[Opening RAW DATA section]

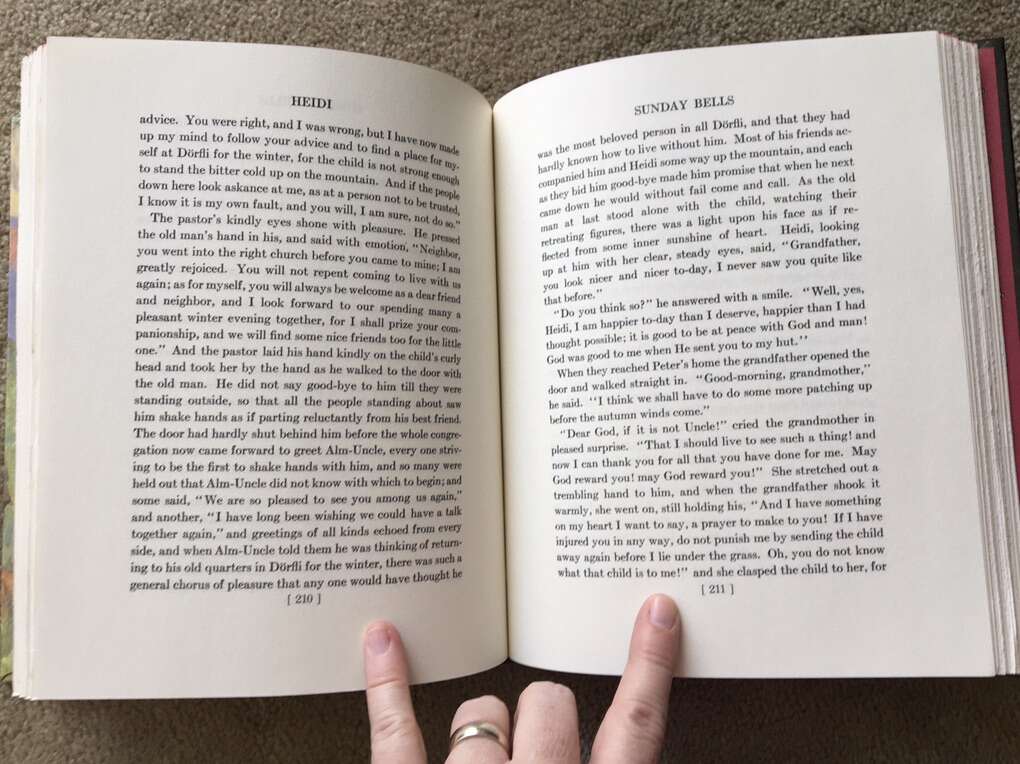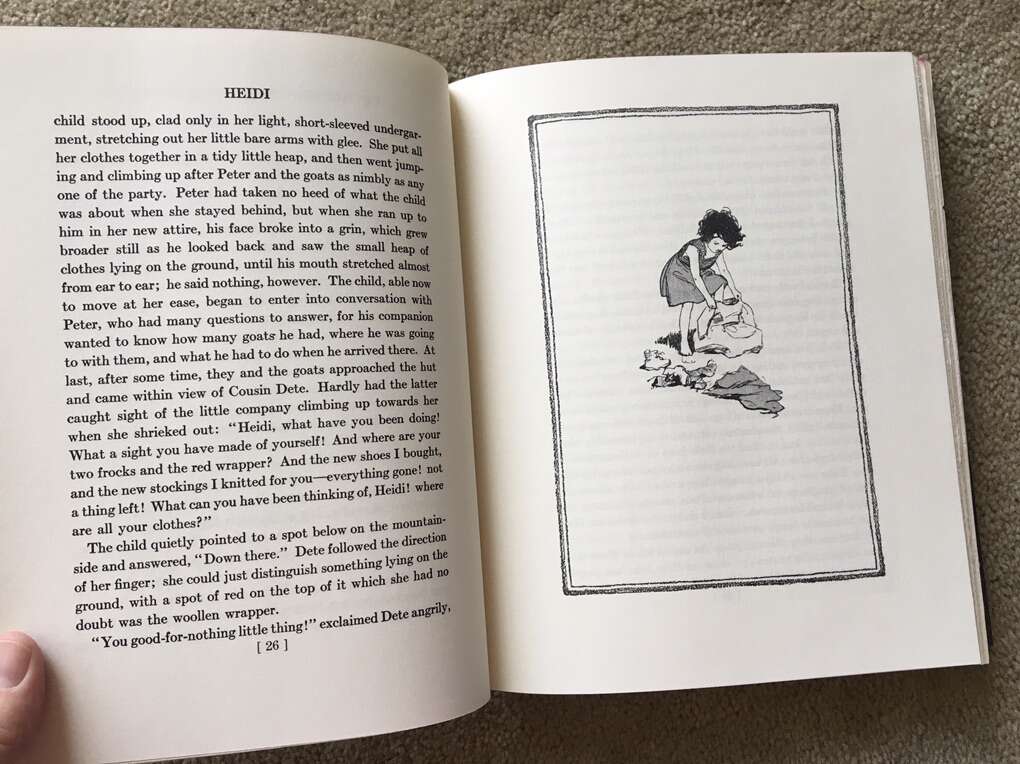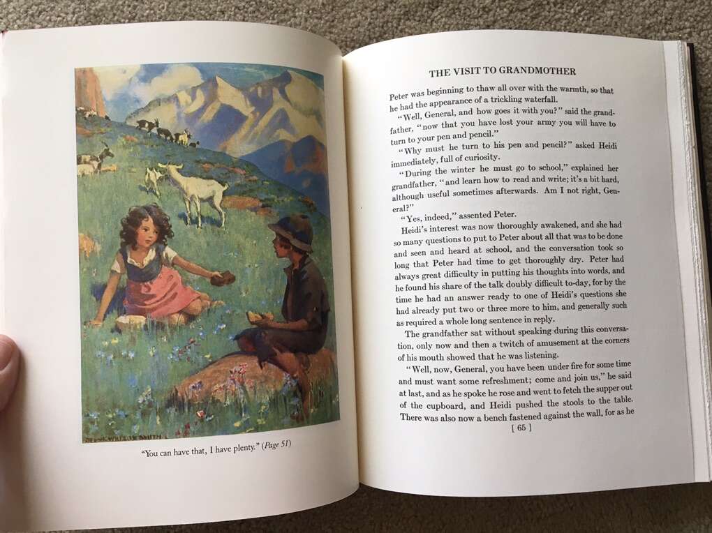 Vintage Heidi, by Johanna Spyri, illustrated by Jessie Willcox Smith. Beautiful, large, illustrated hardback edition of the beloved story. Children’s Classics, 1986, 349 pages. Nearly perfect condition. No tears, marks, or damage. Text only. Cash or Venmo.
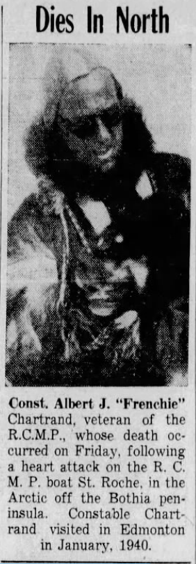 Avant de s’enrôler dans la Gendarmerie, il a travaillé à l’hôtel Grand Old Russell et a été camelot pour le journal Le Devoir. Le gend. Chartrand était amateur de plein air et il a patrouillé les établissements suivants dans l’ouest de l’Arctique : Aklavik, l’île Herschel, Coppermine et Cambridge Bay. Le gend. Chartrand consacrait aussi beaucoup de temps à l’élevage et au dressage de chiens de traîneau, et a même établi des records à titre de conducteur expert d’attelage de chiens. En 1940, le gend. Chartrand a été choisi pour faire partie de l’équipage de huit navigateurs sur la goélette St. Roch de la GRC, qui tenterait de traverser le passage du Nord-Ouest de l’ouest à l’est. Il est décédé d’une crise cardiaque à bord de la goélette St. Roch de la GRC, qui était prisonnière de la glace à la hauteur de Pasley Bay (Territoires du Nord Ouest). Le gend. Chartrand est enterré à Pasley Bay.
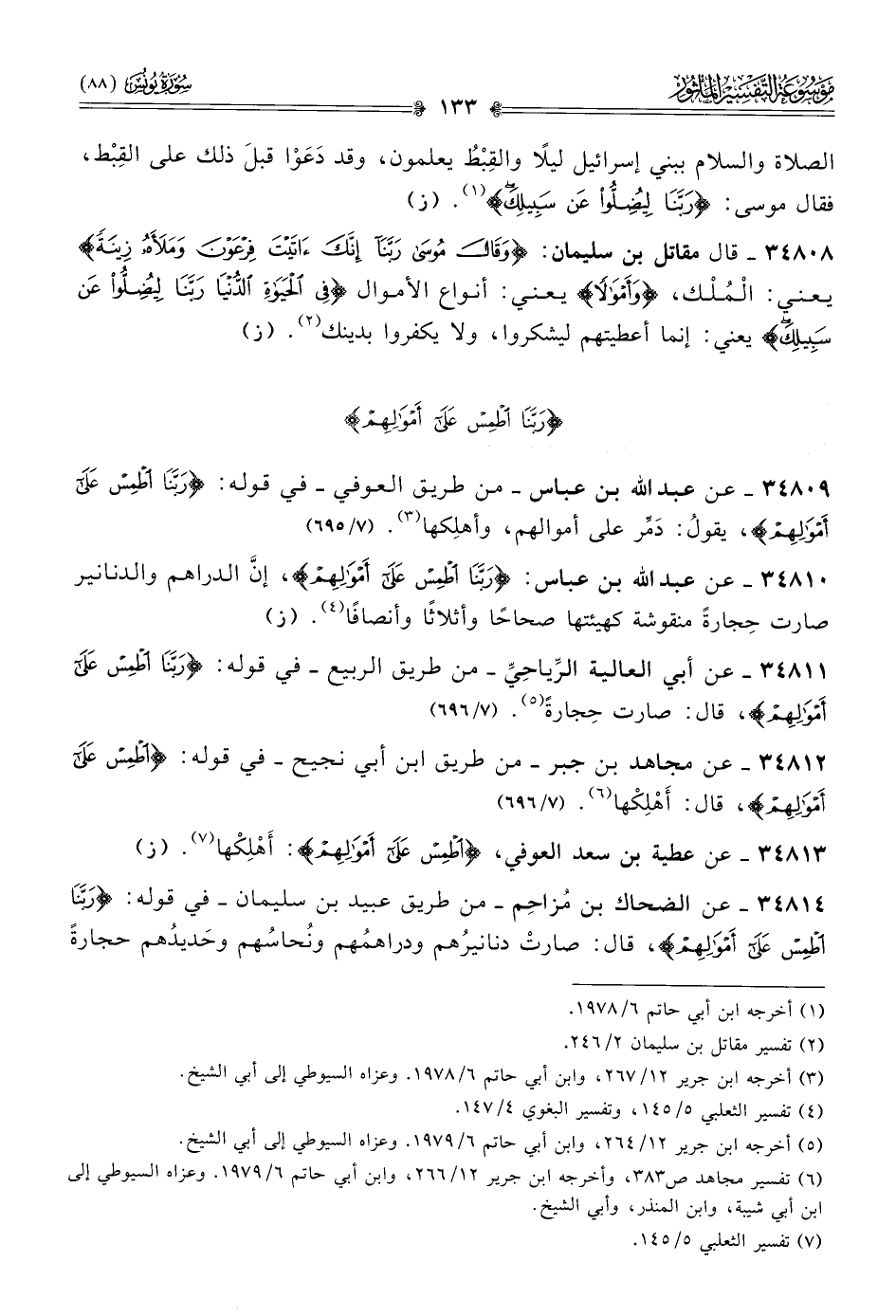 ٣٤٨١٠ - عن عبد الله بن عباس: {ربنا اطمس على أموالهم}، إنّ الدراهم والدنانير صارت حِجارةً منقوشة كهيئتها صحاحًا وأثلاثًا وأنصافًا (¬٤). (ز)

[Closing RAW DATA section]

Set down all the material exactly once more. No pictures.

 Vintage Heidi, by Johanna Spyri, illustrated by Jessie Willcox Smith. Beautiful, large, illustrated hardback edition of the beloved story. Children’s Classics, 1986, 349 pages. Nearly perfect condition. No tears, marks, or damage. Text only. Cash or Venmo.
 Avant de s’enrôler dans la Gendarmerie, il a travaillé à l’hôtel Grand Old Russell et a été camelot pour le journal Le Devoir. Le gend. Chartrand était amateur de plein air et il a patrouillé les établissements suivants dans l’ouest de l’Arctique : Aklavik, l’île Herschel, Coppermine et Cambridge Bay. Le gend. Chartrand consacrait aussi beaucoup de temps à l’élevage et au dressage de chiens de traîneau, et a même établi des records à titre de conducteur expert d’attelage de chiens. En 1940, le gend. Chartrand a été choisi pour faire partie de l’équipage de huit navigateurs sur la goélette St. Roch de la GRC, qui tenterait de traverser le passage du Nord-Ouest de l’ouest à l’est. Il est décédé d’une crise cardiaque à bord de la goélette St. Roch de la GRC, qui était prisonnière de la glace à la hauteur de Pasley Bay (Territoires du Nord Ouest). Le gend. Chartrand est enterré à Pasley Bay.
 ٣٤٨١٠ - عن عبد الله بن عباس: {ربنا اطمس على أموالهم}، إنّ الدراهم والدنانير صارت حِجارةً منقوشة كهيئتها صحاحًا وأثلاثًا وأنصافًا (¬٤). (ز)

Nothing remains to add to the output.